:: WHAT IS NEEDED ::
In the data below, repeat the line containing "Protección obligatoria de los pies" and every following line exactly, up to and including the last line. Exclude pictures.

:: Collected data ::

* * * * *

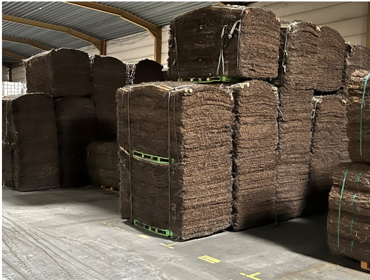
Pallettisatie: 40 panelen / pallet
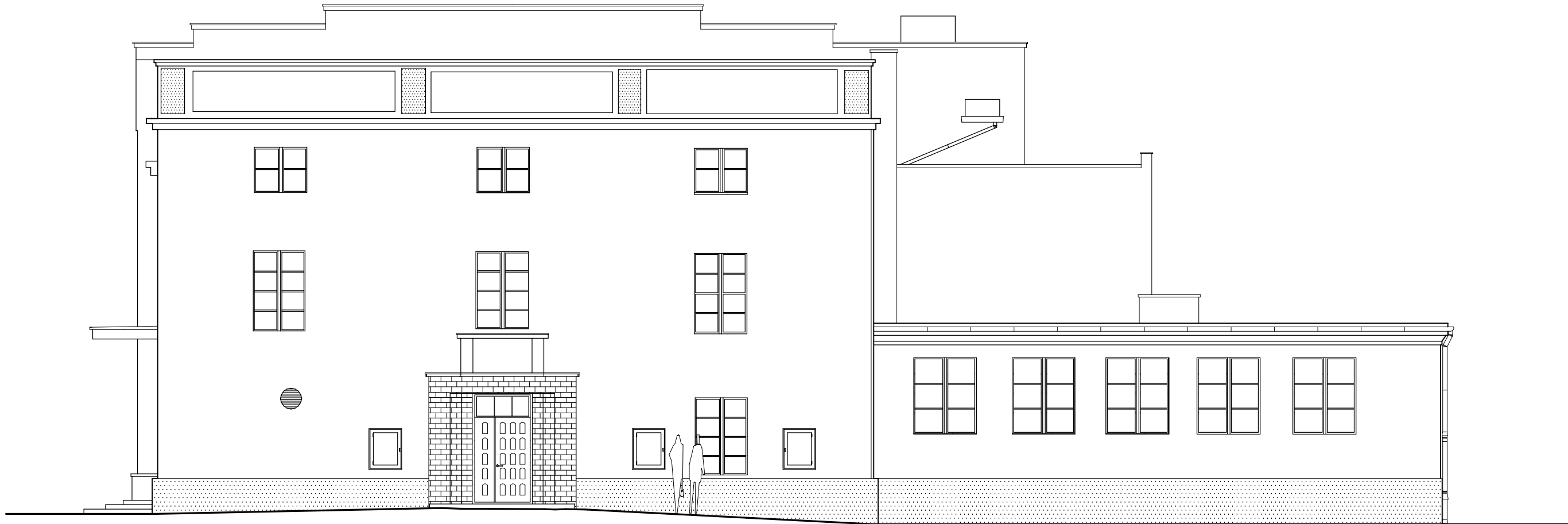
ELEWACJA OD UL. WOLA ZAMKOWA
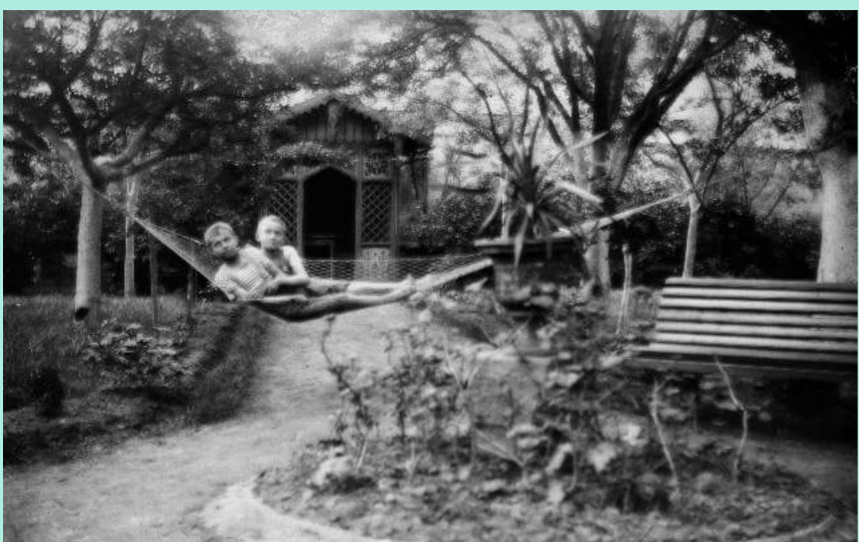
Na zahradě rodného domu ve Wurmově ulici č. 24 s bratrem Ondřejem v červnu 1913.

Přerovský patriot, učitel, ochranář a především výjimečný člověk.
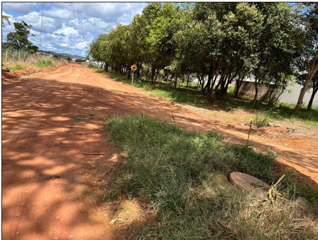
Figura 11 – FOTO EIXO VIA- INTERFERÊNCIA DE PV ESGOTO
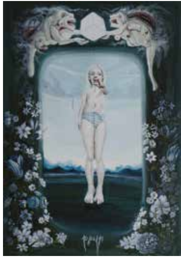
Raphaëlle de Gastines 10/04/2017

14>19 novembre 2017 Bastille Design Center
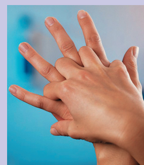
Palma de una mano con dorso de la otra.
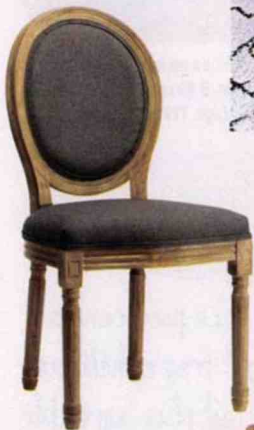
CHAISE en bois et polyester, L 51 x P 41 x H 97 cm. « Léonie », Gifi, 129 €.
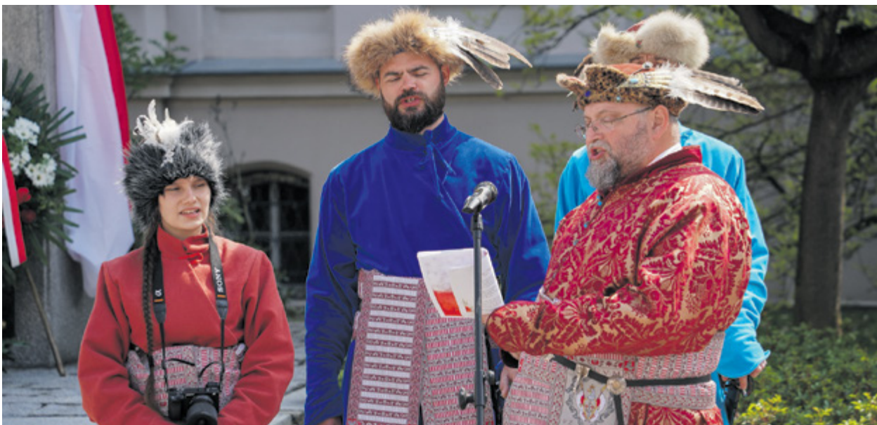
Wspólne śpiewanie pieśni patriotycznych pod przewodnictwem Klubu Signum Polonicum i przy akompaniamencie Orkiestry Dętej ze Smolca, fot. GOKiS
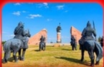
สวนสาธารณะเจงกิสข่าน
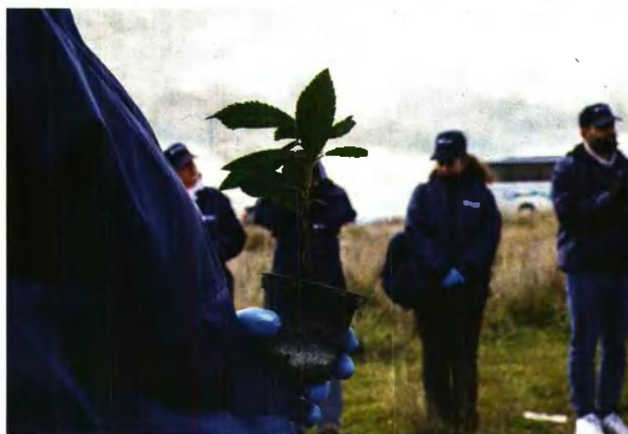
Πάνω: Ανάμεσα στις πολλές δράσεις περιβαλλοντικής ευαισθητοποίησης της εταιρίας, οι εργαζόμενοι της ΕΥΔΑΠ συμμετείχαν σε εθελοντική δένδροφύτευση, σε συνεργασία με τη We4All. Κάτω: Τοιοκογραφία του καλλιτέχνη STMTS, στο πλαίσιο της συμμετοχής της ΕΥΔΑΠ στην πρωτοβουλία «Γενιά 17» συντονίζοντας το όραμά της με αυτό του Στόχου 6 των Ηνωμένων Εθνών που αφορά στο Καθαρό Νερό και Αποκείμευση
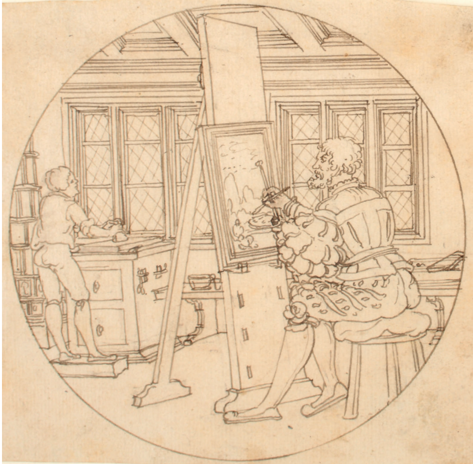
Abbildung 2. Augsburg (?): Atelierszene (Kat. 5)

Das angeblich 1481 entstandene Bildnis nimmt sich im Kontext der süd-deutschen Zeichnungen des 16. Jahrhunderts, unter die es dem Motiv nach einzuordnen wäre, wie ein „Fremdkörper“ aus. Wahrscheinlich hatte Bock berechnete Zweifel, was die Authentizität des Blattes betraf, und sortierte es aus diesem Grund 1929 aus. Es ist auch nicht von der Hand zu weisen, dass die Zeichnung zu einem späteren Zeitpunkt in betrügerischer Absicht entstanden ist.
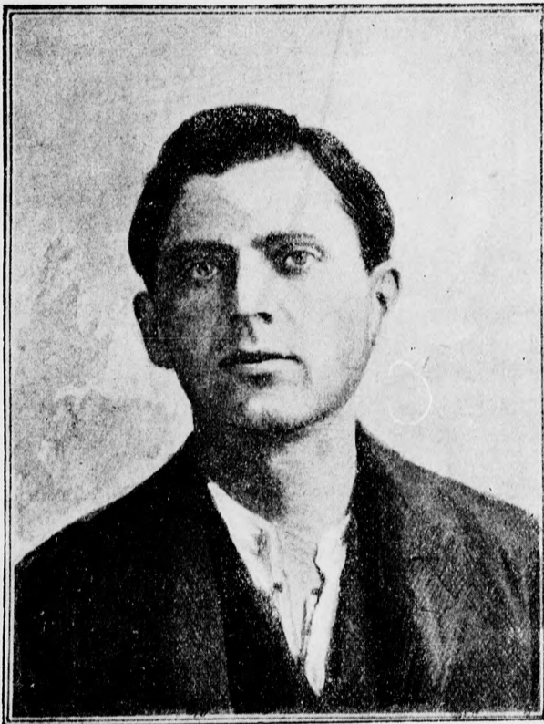
C z o l g o s z .

— Nem hiszem, hogy a mindenható Musztafa azért fogatta volna el Achmed cserkeszfejedelmet, mert Szaid pasa miatt az oroszokhoz fordult, folytatá
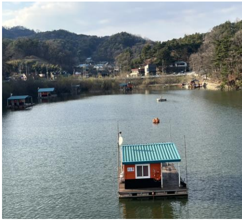
禮山市禮唐湖-出租釣魚船屋
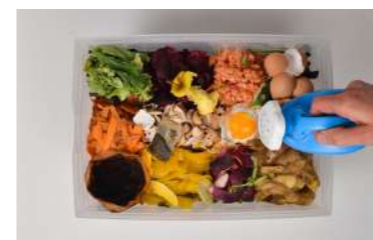
Illustration : compostage

Ce film est une métaphore qui met en parallèle la vie des arbres et celles des humains, un poème lyrique sur la naissance et la mort, une ode sur le temps qui passe. Il raconte l'histoire de la parentalité, allant au-delà des limites de chacun (pas seulement chez les humains). C'est une parabole sur les relations, un apparent désespoir et une promesse de bonheur..
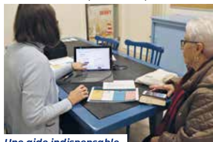
Une aide indispensable pour les démarches numériques

La fréquentation de ce service montre qu'il est une réponse concrète à un véritable besoin: en 2021, ce sont 162 usagers qui l'ont utilisé pour près de 580 cette année. (+ 358 % !)
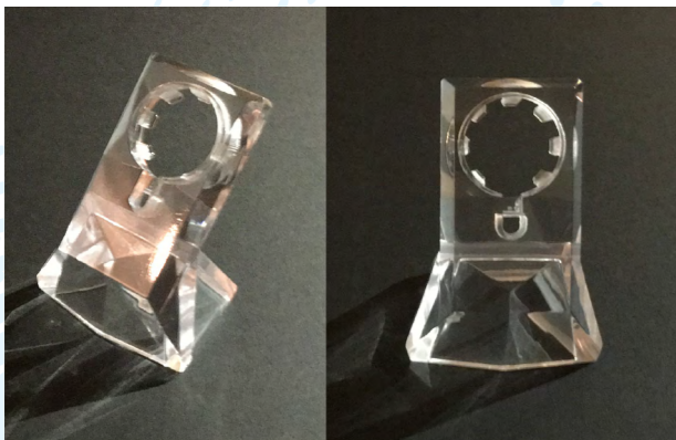
圖 1. Apple Watch 充電座架

本案 Apple Watch、iPhone、iPad 充電座架，以瑩新壓克力公司專業的厚實壓克力射出技術為基礎，進行一體成形之座架造型設計，同時結合透明壓克力材質晶瑩透亮之特性，完成本案三件「水晶款」充電座架產品；三件「水晶款」充電座架，皆以稜切面佈滿產品，但保持整體之簡約風格，創造出簡單、高雅的，符合潮流之充電座架產品。
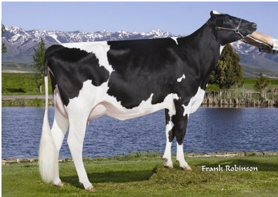
T-C-G OBSERVER MAY FIFTH DAM
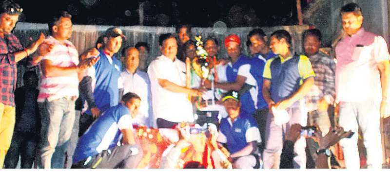
ଚାମ୍ପିୟନ ଦଳର ଖେଳାଳିମାନେ ଅତିଥିତାରୁ ଚୁଫି ଗ୍ରହଣ କରୁଛନ୍ତି।

ବାଙ୍କୀ, ୨୩।୧ (ସ.ପ୍ର.) - ବାଙ୍କୀ ଆଥଲେଟିକ୍ ଆସୋସିଏଶନ ଅନୁକୂଲ୍ୟରେ ଚାଲିଥିବା ରାଜ୍ୟସ୍ତରୀୟ କ୍ରିକେଟ ଚୁର୍ନାମେଣ୍ଟର ଫାଇନାଲ ଖେଳ ରୁଧ୍ଵାର ବାଙ୍କୀ ଆଥଲେଟିକ୍ ଆସୋସିଏଶନ ଓ ଖୋର୍ଦ୍ଧା କଳିଙ୍ଗ କ୍ରିକେଟ କ୍ଲବ ମଧ୍ୟରେ ଅନୁଷ୍ଠିତ ହୋଇଯାଇଛି। ଏଥିରେ ଖୋର୍ଦ୍ଧା ପ୍ରଥମେ ବ୍ୟାଟି କରି ନିର୍ବାରିତ ୨୩ ଓଭରରେ ୧୫୮ ରନ୍ କରିଥିଲା। ଜବାବରେ ବାଙ୍କୀ ୧୬୨ ରନ୍ କରି ବିଜୟୀ ହୋଇଥିଲା। ଫାଇନାଲ ଖେଳକୁ କ୍ରିକେଟ ଖେଳାଳି ଅମିତ ପ୍ରକା ରାଉତ ଉଦ୍‌ଘାଟନ କରିଥିଲେ। ଉଦ୍‌ଘାଟନୀ ଉଦ୍‌ଘରେ ପୂର୍ବତନ ବିଧାୟକ ଦେବଶିଖ ପଟ୍ଟନାୟକ ମୁଖ୍ୟ ଅତିଥି ଭାବେ ଯୋଗଦେଇ ବିଜୟୀ ଦଳ ବାଙ୍କୀ ଆଥଲେଟିକ୍ ଆସୋସିଏଶନକୁ ପ୍ରଦାନ କଲେ। ସାଲ୍ ମେମୋରିଆଲ କପ୍ ଏବଂ ନଗଦ ୧୦ ହଜାର ଟଙ୍କା ଏବଂ ଉପବିଜେତା ଖୋର୍ଦ୍ଧା କଳିଙ୍ଗ କ୍ରିକେଟ କ୍ଲବକୁ କପ୍ ସହ ନଗଦ ୮ ହଜାର ଟଙ୍କା ପ୍ରଦାନ କରିଥିଲେ। ସମ୍ପାଦିତ ଅତିଥି ଭାବରେ ବିଶା କୁଟର
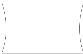
Bovenaanzicht plastic voetplaat
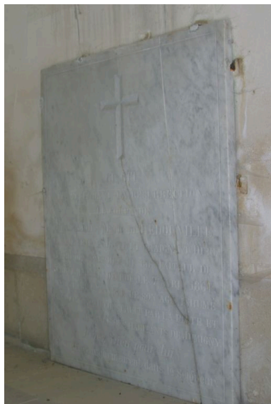
Vue de la dalle funéraire fixée au mur sud. IVR22_20050200945NUCA
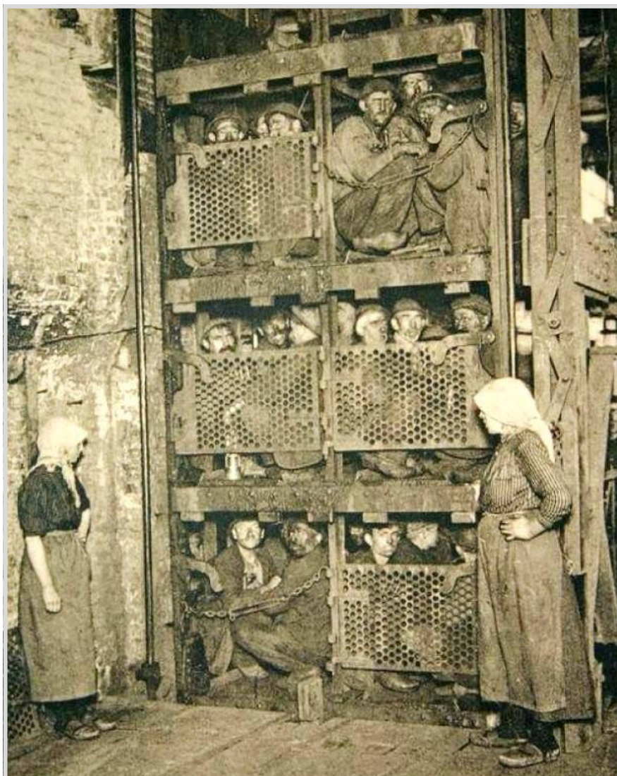
Questa foto ricordo serve per non dimenticare come hanno trattato noi italiani, ora chi entra nel nostro paese sembra che abbia più diritti di tutti noi.

Italiani emigrati per vera fame e non per esportare culture, non pretendevano né case né sussidi né avevano la sanità gratis, non avevano nessun politico a difenderli!
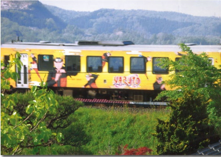
(平成 25 年 5 月 13 日撮影)

特別な列車を見たり、乗ったりするのも鉄道の大きな楽しみの一つ。 この特別列車の時刻表はインターネットで確認することができるので、狙って乗りに行くことができます。家族や友達と列車に揺られながら楽しい思い出をつくってみてはいかがでしょうか。
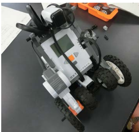
図 1 : サッカーマシンの例

我々は主にプレゼン時の質疑による指導、サッカーロボット・プログラミングの指導、環境整備・機材準備、TA の指導など実習がスムーズに行われるよう支援した。
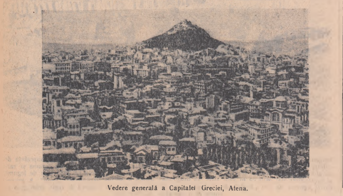
Vedere generală a Capitalei Greciei, Atena.

De data aceasta, transpunerea în viață a acestei inițiative se desfășoară în mod diferit ca de obicei. Intrecerea pe baza inițiativei respective presupune o discuție mai amplă în cadrul brigăzilor, decât întrecerile de până acum. Discuțiile se desfășoară în apărarea exigențelor sint mai sporite. Scurt timp după lansarea acestor chemări, trei brigăzi de tineret dintr-o uzină chimică s-au antrenat în această întrecere. În modurile lor „de a lucra în mod socialist” ei și-au luat între altele obligația: pentru a acorda un ajutor agriculturii socialiste să execute gratuit toate reparațiile de mașini în cooperativa agricolă de producție pe care o patronază în timpul lor liber și să prescrie zile de muncă voluntară la stringerea recoltei.
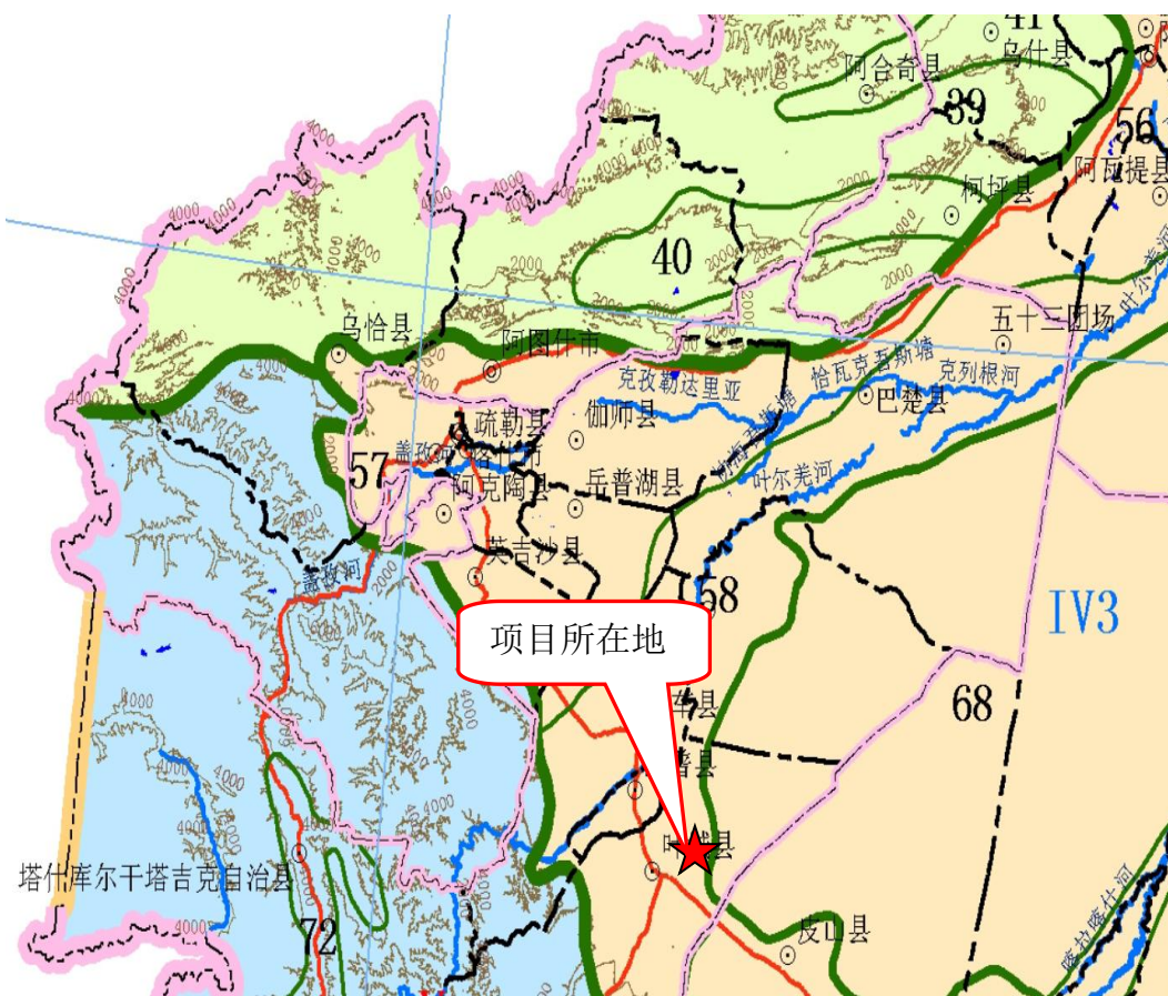
图 3-1 本项目在生态功能区划中的位置图
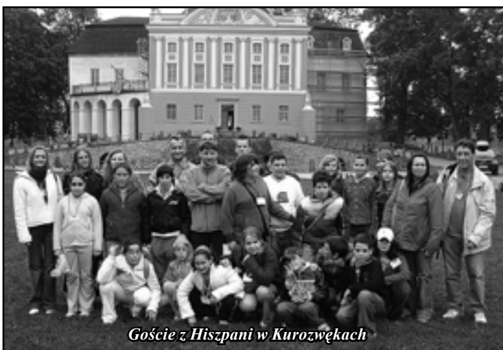
Goście z Hiszpani w Kurozwękach
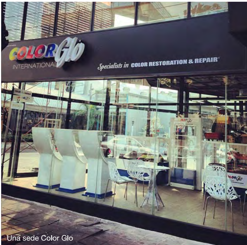
Una sede Color Glo

per un peso del comparto franchising pari al 90 per cento.
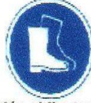
Protección obligatoria de los pies
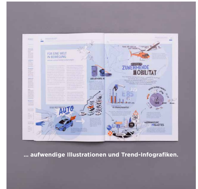
... aufwendige Illustrationen und Trend-Infografiken.

* * * * *

:: ANSWER TO THIS PROBLEM ::
Protección obligatoria de los pies
... aufwendige Illustrationen und Trend-Infografiken.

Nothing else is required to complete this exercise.